We envision investigating in details the physicochemical properties of the compounds under various oxidation states. This fundamental study is indispensable for rationalizing the behaviour and design new generations of probes. We will also test other redox active moieties and functionalize the probes for adressing them towards biological targets (cells, vectorization). The coupling with peptides is the solution that we will use. All these results will be valorized by biological studies and of course imaging.
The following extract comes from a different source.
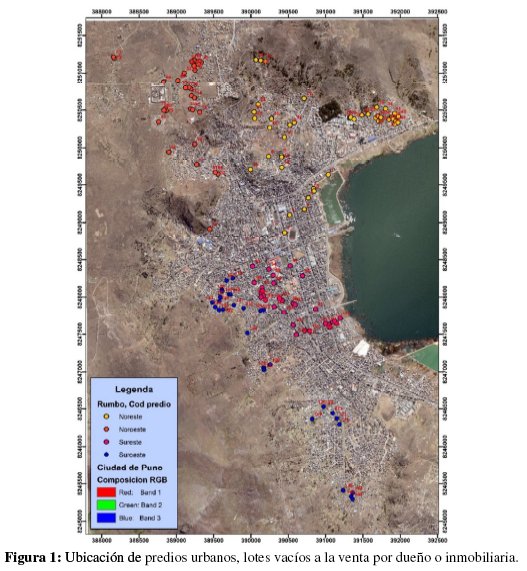 Se organizaron 4 cuadrillas de 11 integrantes, los cuales registraron en fichas datos de ubicación geográfica en coordenadas UTM WGS 84 zona 19 L [29], el área de venta, el costo en moneda nacional (S/.), croquis y registro fotográfico del predio, el tiempo de registro de la información se dio en 4 meses desde enero a abril del 2019. Para procesar los datos espaciales se utilizaron imágenes satélites con resolución de 21z [30], como se muestra en la Figura 1, además se consideró la totalidad del área urbana consolidada de la ciudad de Puno, El análisis se hizo en el software Arcgis, Sas planet y Google Earth [31]. La tabulación de datos y análisis estadísticos se usó los programas Microsoft office – Excel y SPSS v.22, para facilitar el tratamiento del conjunto de datos.

1. J. K. Molloy, C. Philouze, L. Fedele, D. Imbert, O. Jarjayes and F. Thomas, «Seven-coordinate lanthanide complexes with a tripodal redox active ligand: structural, electrochemical and spectroscopic investigations« Dalton Trans., 2018, 47, 10742-10751 [on invitation, special issue “Europe: New Talents 2018”]
2. J. K. Molloy, L. Fedele, O. Jarjayes, C. Philouze, D. Imbert and F. Thomas, «Structural and spectroscopic investigations of redox active seven coordinate luminescent lanthanide complexes« Inorg. Chim. Acta, 2018, 483, 609-617

This project targets the synthesis of lanthanide(III) complexes with redox-sensitive ligands for monitoring of the redox status. A major downstream application is the non-invasive preclinical and biomedical imaging. We hypothesize that a change in the redox state of the ligand will influence both the lanthanide-based luminescence and the relaxation times (coordinated water molecules) for magnetic resonance imaging (MRI). Thus, the ligand will be the probe of the redox-status and the lanthanide will be the reporter. Polydentate ligands appended by pro-phenoxyl, pro-iminosemiquinonate and nitronyl nitroxide units will be prepared and chelated to a series of lanthanide ions: TbIII, EuIII for luminescence detection in the visible region, NdIII and YbIII for a luminescence in the NIR region and GdIII for application as contrast agents. The stability constants of the complexes will be determined and structural characterizations will be conducted. With the aim of improving the solubility and targeting the ligands will be appended by cell penetrating peptides or integrin recognition peptides. The operating potentials of the probes will be next investigated by electrochemical techniques (cyclic voltammetry, electrolysis). The complexes under their different redox states (radical or not) will be prepared both electrochemically and in vitro with biologically relevant reactants, and characterized by luminescence and relaxometric techniques. Having established that the oxidation state of the complexes could be monitored by luminescence and relaxivity, biological studies will be undertaken. They include MTT assays in order to ensure that the probes are non-toxic. Further in cellulo luminescence measurements (2D/3Dfluorescence microscopy) and relaxivity studies will be conducted on cells under various redox status (oxidative stress or hypoxia) for assessing the sensitivity of the probes. Finally, a thorough investigation of the magnetic coupling between the ligand radical and the lanthanide ions will give us major insight onto the operating mode of the complexes.